# WHAT IS NEEDED
The reply must repeat the listing below exactly and carry none of its pictures.

# SOURCE MATERIAL
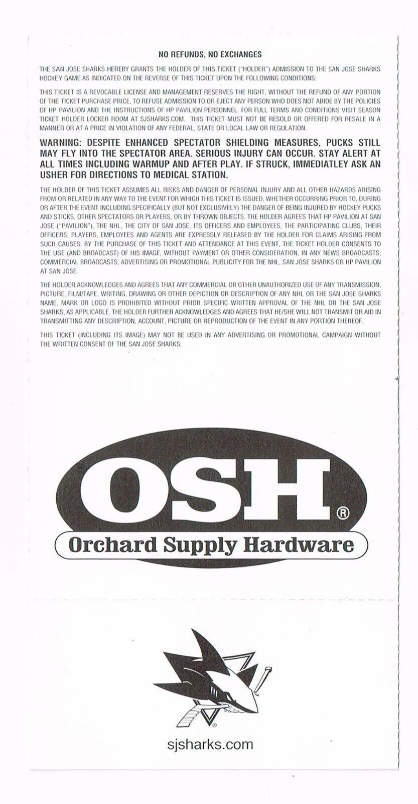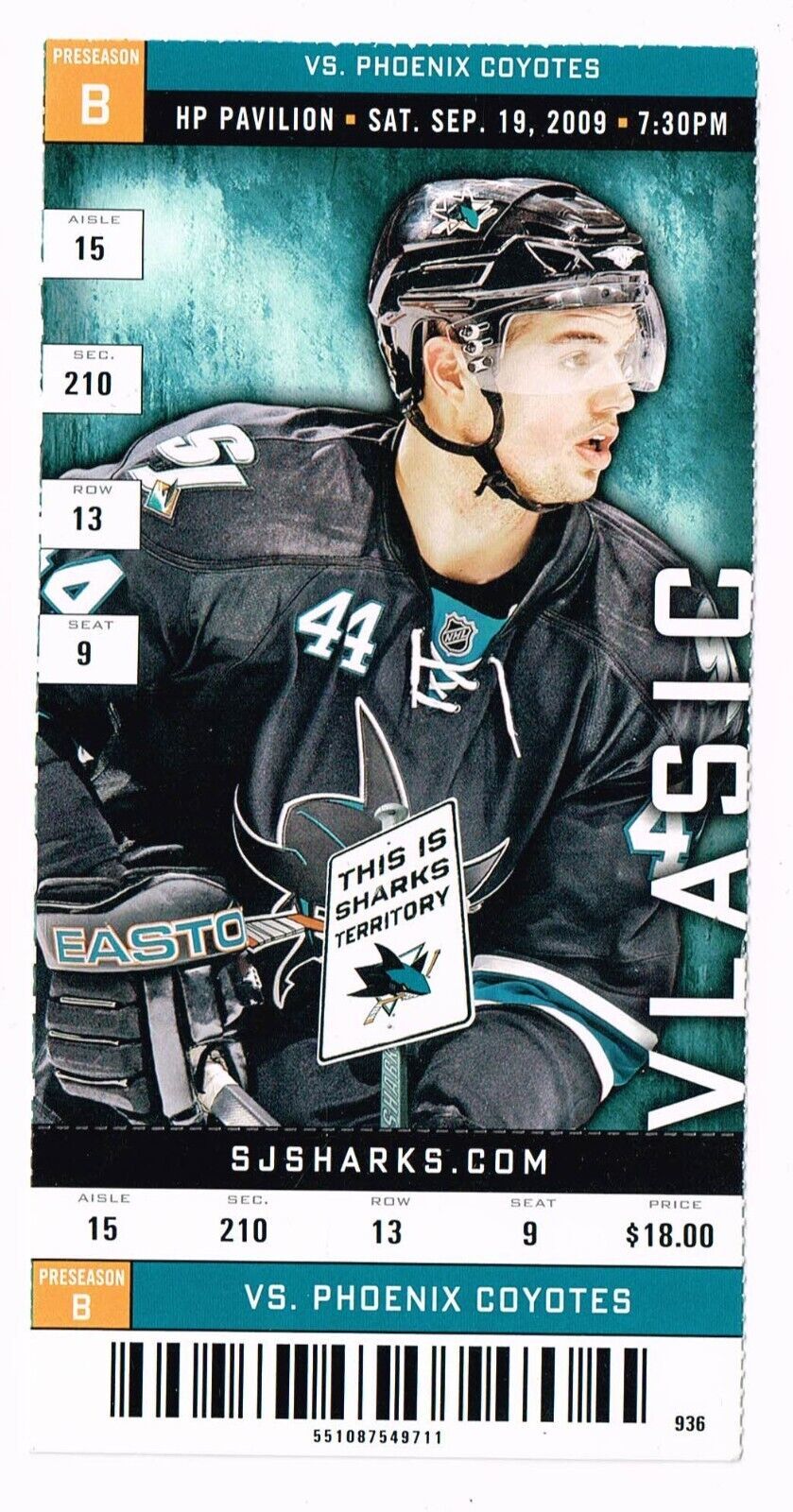 2009 San Jose Sharks Preseason Game B Ticket Phoenix coyotes Sept 19th
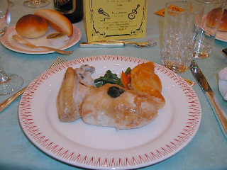 | ヤングチキンの胸肉、スヴァロア風 鶏君もまだ若いのに・・・かわいそうだなと思いつつ食った。ソースはないのかな?と思いつつお塩を探したが、なくて塩味が欲しく、1/3食べたところでソースがでてきたのであった。だけどこの「風」とはなんだろうか?スヴァロア地方の名物料理つうのかな?食い物もインパソなのだなと、妙に納得したね。 |
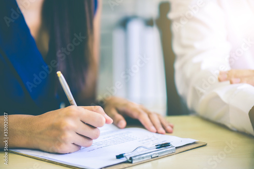 Hand of business woman or secretary take note on paperwork while business meeting at office, business financial presentation conference concept

# EXERCISE ANSWER
 2009 San Jose Sharks Preseason Game B Ticket Phoenix coyotes Sept 19th
 | ヤングチキンの胸肉、スヴァロア風 鶏君もまだ若いのに・・・かわいそうだなと思いつつ食った。ソースはないのかな?と思いつつお塩を探したが、なくて塩味が欲しく、1/3食べたところでソースがでてきたのであった。だけどこの「風」とはなんだろうか?スヴァロア地方の名物料理つうのかな?食い物もインパソなのだなと、妙に納得したね。 |
 Hand of business woman or secretary take note on paperwork while business meeting at office, business financial presentation conference concept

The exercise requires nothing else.